**THE TASK:** Transcribe the whole listing exactly, but do not carry over its pictures.

"""

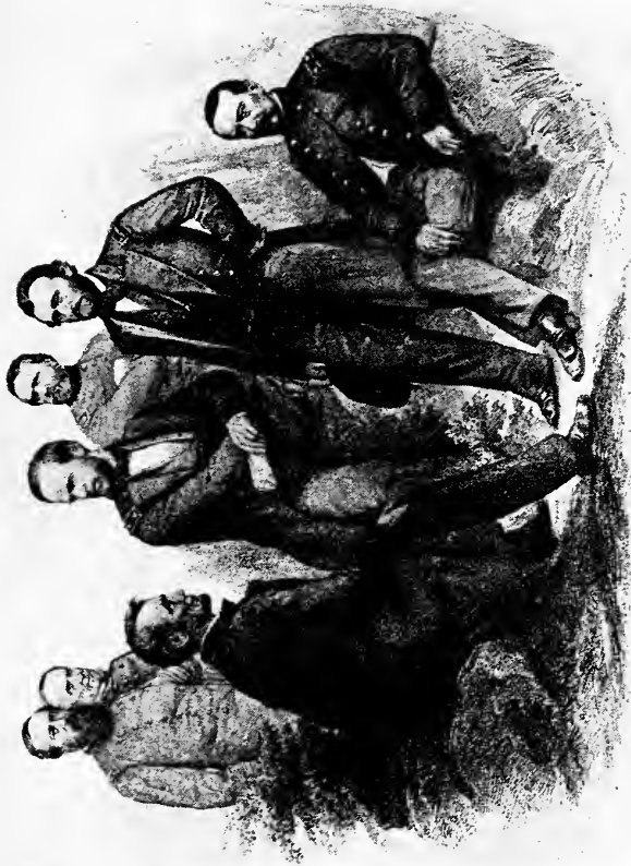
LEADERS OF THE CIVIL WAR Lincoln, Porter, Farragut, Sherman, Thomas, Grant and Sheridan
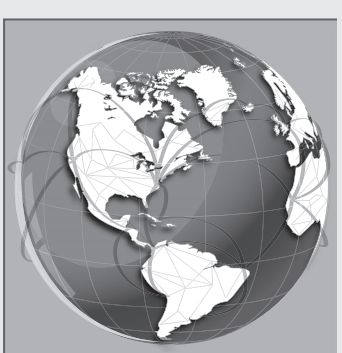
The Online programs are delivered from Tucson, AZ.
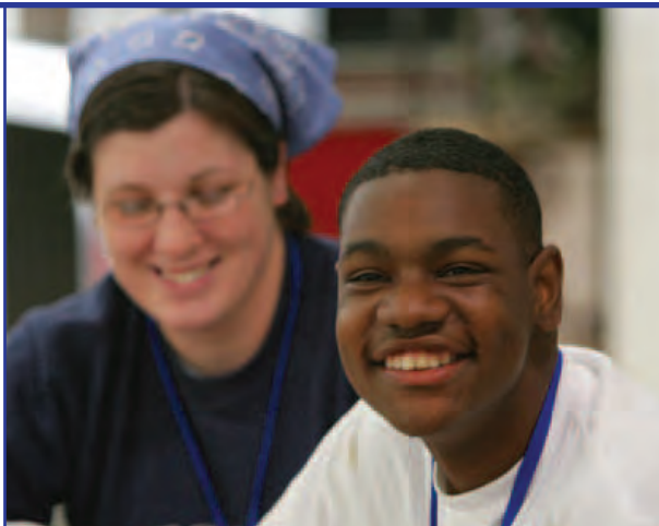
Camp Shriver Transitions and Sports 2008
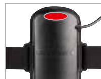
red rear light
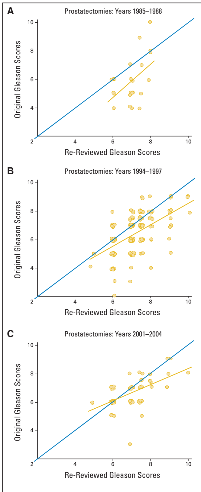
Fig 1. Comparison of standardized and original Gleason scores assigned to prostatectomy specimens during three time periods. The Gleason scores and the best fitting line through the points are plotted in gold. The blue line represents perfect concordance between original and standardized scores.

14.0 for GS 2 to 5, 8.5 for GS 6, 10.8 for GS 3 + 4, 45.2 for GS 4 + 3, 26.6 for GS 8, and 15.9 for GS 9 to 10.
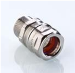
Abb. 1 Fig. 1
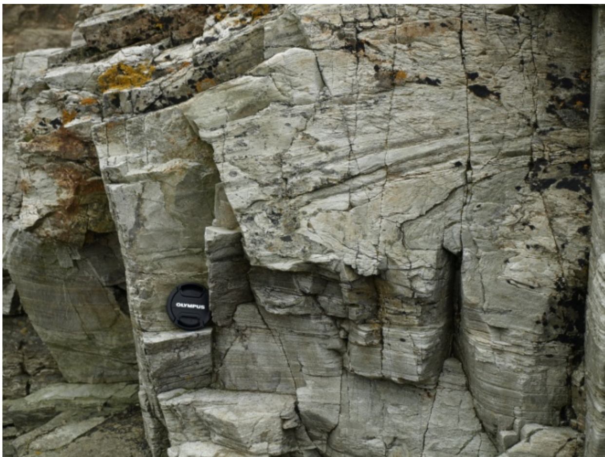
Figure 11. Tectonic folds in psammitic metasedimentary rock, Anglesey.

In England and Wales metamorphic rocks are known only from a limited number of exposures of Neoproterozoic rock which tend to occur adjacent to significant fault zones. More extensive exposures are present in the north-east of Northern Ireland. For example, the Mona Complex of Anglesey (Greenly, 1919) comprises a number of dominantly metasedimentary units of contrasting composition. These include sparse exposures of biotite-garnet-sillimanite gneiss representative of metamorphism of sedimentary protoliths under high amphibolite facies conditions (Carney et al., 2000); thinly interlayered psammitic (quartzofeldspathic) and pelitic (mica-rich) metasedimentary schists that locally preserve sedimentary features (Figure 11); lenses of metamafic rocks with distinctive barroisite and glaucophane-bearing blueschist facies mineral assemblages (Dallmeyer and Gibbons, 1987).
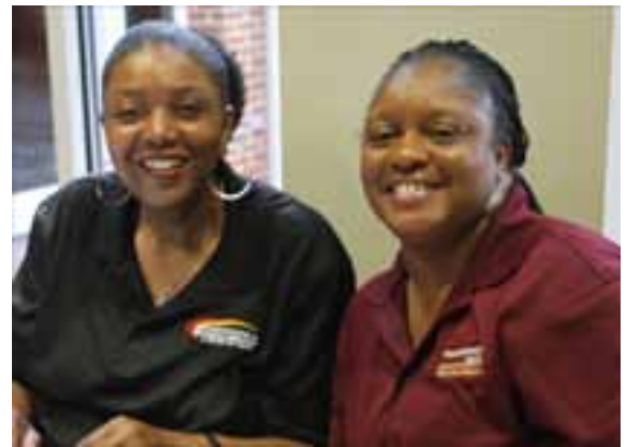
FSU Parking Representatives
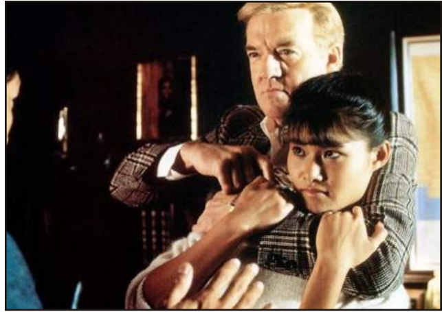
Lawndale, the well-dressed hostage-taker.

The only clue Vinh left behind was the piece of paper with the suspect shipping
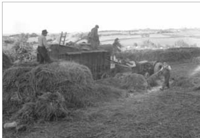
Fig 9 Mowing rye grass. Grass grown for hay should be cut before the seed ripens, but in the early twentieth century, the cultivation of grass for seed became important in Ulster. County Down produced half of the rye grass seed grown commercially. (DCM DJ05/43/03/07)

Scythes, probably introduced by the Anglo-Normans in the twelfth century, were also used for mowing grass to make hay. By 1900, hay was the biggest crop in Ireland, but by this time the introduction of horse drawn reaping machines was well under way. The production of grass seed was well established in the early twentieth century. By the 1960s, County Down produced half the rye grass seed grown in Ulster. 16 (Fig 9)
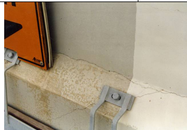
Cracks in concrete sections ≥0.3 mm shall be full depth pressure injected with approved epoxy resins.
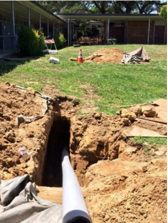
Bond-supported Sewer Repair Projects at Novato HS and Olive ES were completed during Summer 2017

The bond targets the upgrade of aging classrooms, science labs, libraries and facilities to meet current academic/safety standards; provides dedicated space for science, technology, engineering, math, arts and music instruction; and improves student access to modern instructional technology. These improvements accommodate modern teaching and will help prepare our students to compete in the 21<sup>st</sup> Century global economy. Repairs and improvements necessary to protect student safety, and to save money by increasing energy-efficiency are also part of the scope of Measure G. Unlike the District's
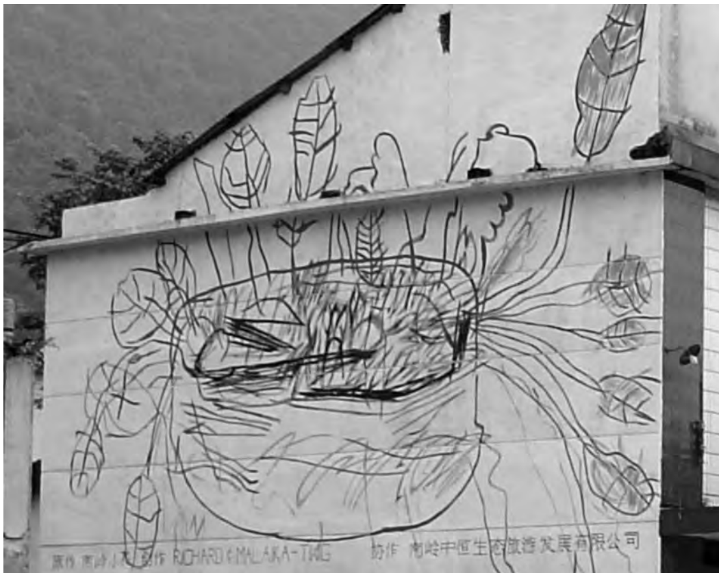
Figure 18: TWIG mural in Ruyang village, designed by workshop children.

"""

**FINAL ANSWER:**
LEADERS OF THE CIVIL WAR Lincoln, Porter, Farragut, Sherman, Thomas, Grant and Sheridan
The Online programs are delivered from Tucson, AZ.
Camp Shriver Transitions and Sports 2008
red rear light
Fig 1. Comparison of standardized and original Gleason scores assigned to prostatectomy specimens during three time periods. The Gleason scores and the best fitting line through the points are plotted in gold. The blue line represents perfect concordance between original and standardized scores.

14.0 for GS 2 to 5, 8.5 for GS 6, 10.8 for GS 3 + 4, 45.2 for GS 4 + 3, 26.6 for GS 8, and 15.9 for GS 9 to 10.
Abb. 1 Fig. 1
Figure 11. Tectonic folds in psammitic metasedimentary rock, Anglesey.

In England and Wales metamorphic rocks are known only from a limited number of exposures of Neoproterozoic rock which tend to occur adjacent to significant fault zones. More extensive exposures are present in the north-east of Northern Ireland. For example, the Mona Complex of Anglesey (Greenly, 1919) comprises a number of dominantly metasedimentary units of contrasting composition. These include sparse exposures of biotite-garnet-sillimanite gneiss representative of metamorphism of sedimentary protoliths under high amphibolite facies conditions (Carney et al., 2000); thinly interlayered psammitic (quartzofeldspathic) and pelitic (mica-rich) metasedimentary schists that locally preserve sedimentary features (Figure 11); lenses of metamafic rocks with distinctive barroisite and glaucophane-bearing blueschist facies mineral assemblages (Dallmeyer and Gibbons, 1987).
FSU Parking Representatives
Lawndale, the well-dressed hostage-taker.

The only clue Vinh left behind was the piece of paper with the suspect shipping
Fig 9 Mowing rye grass. Grass grown for hay should be cut before the seed ripens, but in the early twentieth century, the cultivation of grass for seed became important in Ulster. County Down produced half of the rye grass seed grown commercially. (DCM DJ05/43/03/07)

Scythes, probably introduced by the Anglo-Normans in the twelfth century, were also used for mowing grass to make hay. By 1900, hay was the biggest crop in Ireland, but by this time the introduction of horse drawn reaping machines was well under way. The production of grass seed was well established in the early twentieth century. By the 1960s, County Down produced half the rye grass seed grown in Ulster. 16 (Fig 9)
Cracks in concrete sections ≥0.3 mm shall be full depth pressure injected with approved epoxy resins.
Bond-supported Sewer Repair Projects at Novato HS and Olive ES were completed during Summer 2017

The bond targets the upgrade of aging classrooms, science labs, libraries and facilities to meet current academic/safety standards; provides dedicated space for science, technology, engineering, math, arts and music instruction; and improves student access to modern instructional technology. These improvements accommodate modern teaching and will help prepare our students to compete in the 21<sup>st</sup> Century global economy. Repairs and improvements necessary to protect student safety, and to save money by increasing energy-efficiency are also part of the scope of Measure G. Unlike the District's
Figure 18: TWIG mural in Ruyang village, designed by workshop children.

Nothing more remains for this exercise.